In an instant the energies that encircled reality burst with creative force, though no true innovation. From the Bright One’s creation, it drew and expanded a massive grassland to cover the wastes and push away the dust with blades of grass. From the Stone One’s creation, it drew from the ground itself – the fresh grassland rippled and cracked as the very ground shifted violently, raising sheer cliffs in places and merely raising hills in others. Two cliffs twisted on their side and grew tall and mighty, piercing into the sky in imitation of the Anchor’s peaks: though neither nearly as tall. From the Vegetation One it took trees, distributed in dense pine and leaf forests wherever they could take root.

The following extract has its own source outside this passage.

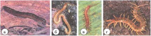 Рис. 13.8. Поширені в Україні багатоніжки: ківсяк(а); геофіл(б); кістянка (в); сколопендра, що мешкає на Півдні України (г)

Finally, it drew from the Water one, and from within the new peak of the southern mountain rippled a source of water, pushing through the rock with massive force, splitting open both an entrance to a cave within and creating a tall waterfall. A new spring deep within the rock would supply fresh water. The water fell free and began to pool, and slowly began to cascade over the uneven land. It filled into a small lake beneath the mountain, then slowly meandered towards the faraway ocean.

The Lifeblood would not let it struggle and carved a small path when the water came to a standstill. The nascent river rushed forwards for hundreds of meters before being blocked once more. Once more the Lifeblood assisted, allowing the river to choose its own direction towards the ocean – with minimal aid to get it moving. So, the cycle continued until the considerable river snaked all the way from south to north, where it flowed out into the ocean in a large estuary. It was a wide river, given free berth over the landscape, and its path was broken up many a time by waterfalls. But it had reached its goal, and therefore so had the Lifeblood.

The landscape was finished, but beyond the roar of intermittent waterfalls, it was quiet. Empty. It required the interaction of breathing, moving creatures. Once more the Lifeblood drew from the creations of the other entities. It had seen the creation of the sea serpents and determined to copy the design. From the matter of creation countless meter-long serpents crawled out of the wood and stone nestled in the hillsides, speckled black and green and blue in various patterns. These predators would hunt with fang and crawl among the trees and waters. It borrowed the designs of other entities, replicating small mammals and insects to populate the woodlands.

Now the goal had truly been reached. The act of creation had been furthered. With that, the roiling focus of the Lifeblood moved on.